Kreis und quer:Wenn Trennendes verbindet

Die Auseinandersetzung mit fremden Kulturen adelt den Menschen, sie reißt mit und berauscht. Doch was ist, wenn sie heruntersteigt von der Bühne, Teil des Alltags wird. Dann kann es anstrengend werden

Von Irmengard Gnau

Wie schön ist die Kultur. Bietet sie uns doch Momente des Genusses und der Versenkung, des Innehaltens und Zu-sich-Findens, ja im besten Falle gar der tiefen und wahren Erkenntnis. Kultur bringt Edles hervor und sie adelt denjenigen, der sich ihr hingibt, lässt sie uns doch offen werden für die Reize fremder, unbekannter Welten. Wir berauschen uns am Klangfeuerwerk eines Prokofjew und Schostakowitsch, lassen uns im heimischen Konzertsaal davontragen vom Temperament israelischer Virtuosen, anrühren von der Innigkeit persischer Lyrik, mitreißen von der Lebensfreude amerikanischer Jazzsounds und afrikanischer Beats.

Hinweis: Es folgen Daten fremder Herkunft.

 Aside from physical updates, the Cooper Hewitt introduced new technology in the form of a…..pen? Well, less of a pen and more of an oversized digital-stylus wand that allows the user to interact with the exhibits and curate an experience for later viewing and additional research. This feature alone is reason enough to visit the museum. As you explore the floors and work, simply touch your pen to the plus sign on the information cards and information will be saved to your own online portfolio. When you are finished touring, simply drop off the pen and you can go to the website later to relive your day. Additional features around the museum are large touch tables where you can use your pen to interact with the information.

Das Fremde ist reizvoll, es lockt zum Studium und gar zur schüchternen Nachahmung, der Sari und die Oud, die arabische Laute, an der Wohnzimmerwand erinnern stolz an abenteuerliche Ausflüge in andere Kulturkreise, an die wir noch gern zurückdenken, während wir über die heimatliche Straße schlendern. Wenn nur dieser Lärm von gegenüber nicht wäre. Ein seltsames Gedudel aus dem Nachbarhaus, nicht laut, aber doch impertinent, beinahe atonal, ein jammernder Singsang in einer unverständlichen Sprache. Ist das Arabisch? Das klang beim traditionellen orientalischen Schleiertanz im Urlaub irgendwie eingängiger. Auch die Essensdüfte, die aus dem Wohnblock gegenüber kommen, wollen unserer Nase nicht recht schmeicheln. Ungewohnt, seltsam, aufdringlich. Was das wohl ist?

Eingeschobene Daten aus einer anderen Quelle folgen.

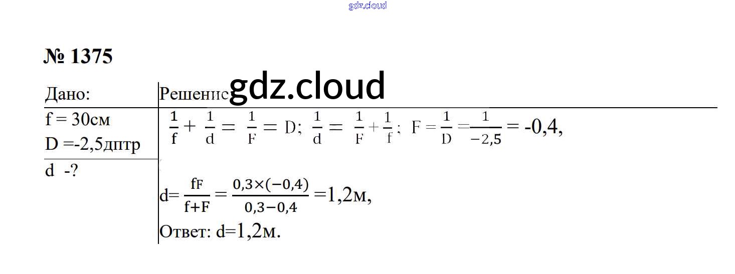 Ответ на задание 1375 Сборник задач Физика за 7, 8, 9 (седьмой, восьмой, девятый) класс Перышкин, Лонцова УМК 2016

Wenn sie plötzlich nahe kommt, die fremde Kultur, heruntersteigt von der Bühne in den Alltag, ist sie nicht immer angenehm. Kultur hat viele Seiten, sie prägt nicht nur Melodien, sondern eben auch Umgangsformen. Was aus der Distanz exotisch ist und interessant, kann aus der Nähe vor allem ungewohnt sein; Unbekanntes kann stören, Misstrauen hervorrufen, auch mal Angst machen. Wenn so viele verschiedene Traditionen, Sprachen, Töne, Umgangsformen zusammentreffen wie in diesen Monaten, und das binnen kurzer Zeit und unter erschwerten Umständen, ist das vielleicht normal. Doch die Prägung, die uns abgrenzt, weil sie kulturelle Räume absteckt, Rollen und Zusammenleben definiert und oft unbewusste Muster schafft, kann auch eine Chance sein, Brücken zu bauen. Im Großen wie im Kleinen. Bei gemeinsamen Konzerten, wie jüngst in Neubiberg, beim Austausch von Liedgut, bei Kochabenden mit unbekannten neuen Nachbarn.

Kultur lässt Probleme nicht verschwinden, sie ebnet Unterschiede nicht ein - im Gegenteil. Wo riesige Differenzen in grundsätzlichen Ansichten klaffen, nimmt sie auch nicht die schwierige Auseinandersetzung damit ab. Aber Kultur bietet Anknüpfungspunkte dafür, sich kennenzulernen, Unterschiede aktiv zu Gesprächsthemen zu machen. Und damit vielleicht Interesse zu wecken am Unbekannten, nicht nur aus der Ferne.